▶ **Input data**
*-*-*
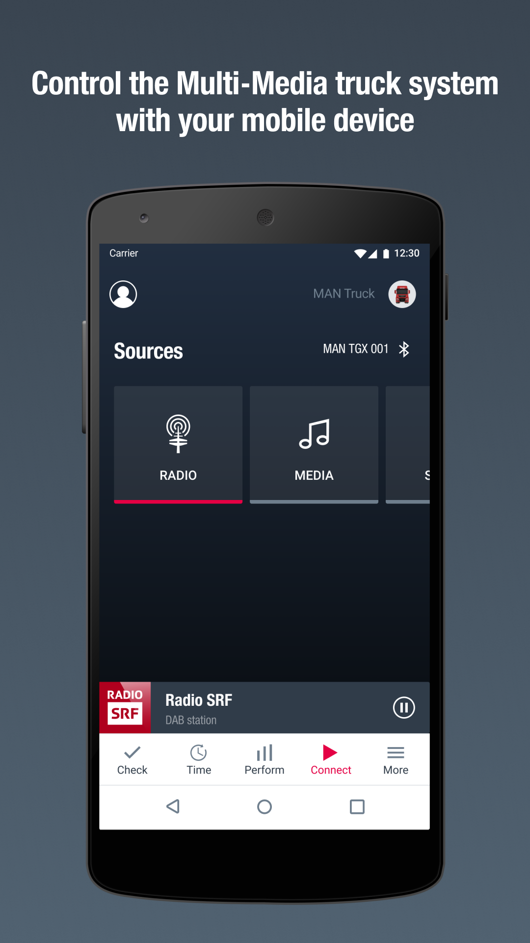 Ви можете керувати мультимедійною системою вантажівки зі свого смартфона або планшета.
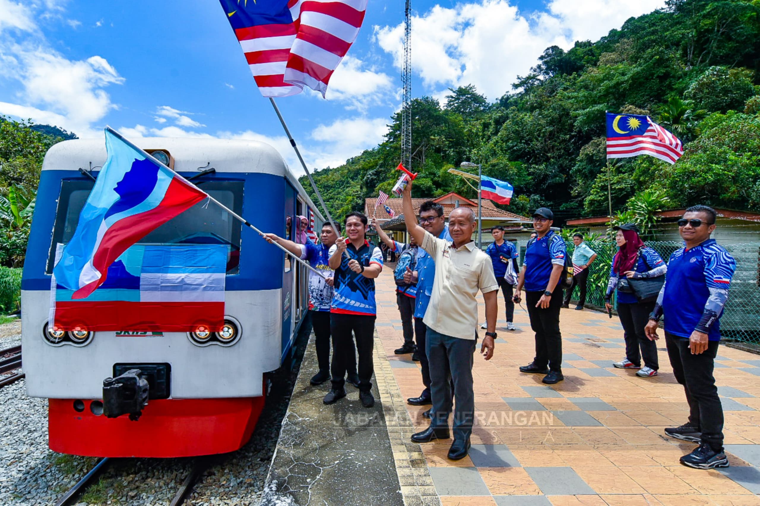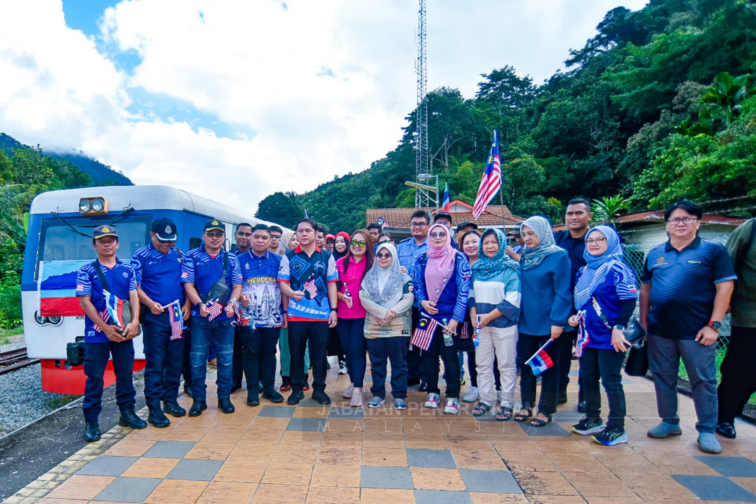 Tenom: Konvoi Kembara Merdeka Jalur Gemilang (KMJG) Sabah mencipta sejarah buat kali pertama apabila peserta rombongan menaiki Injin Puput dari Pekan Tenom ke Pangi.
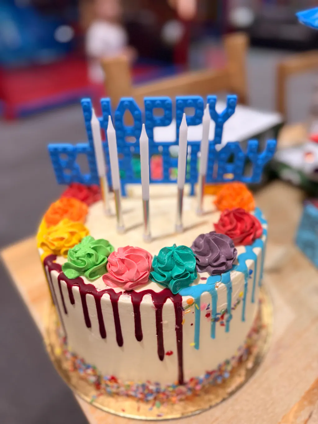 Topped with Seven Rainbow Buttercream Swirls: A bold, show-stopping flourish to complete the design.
*-*-*
▶ **Exercise prompt**
All the material above must be copied exactly, and no picture belongs in the copy.

▶ **Solution to the problem**
 Ви можете керувати мультимедійною системою вантажівки зі свого смартфона або планшета.
 Tenom: Konvoi Kembara Merdeka Jalur Gemilang (KMJG) Sabah mencipta sejarah buat kali pertama apabila peserta rombongan menaiki Injin Puput dari Pekan Tenom ke Pangi.
 Topped with Seven Rainbow Buttercream Swirls: A bold, show-stopping flourish to complete the design.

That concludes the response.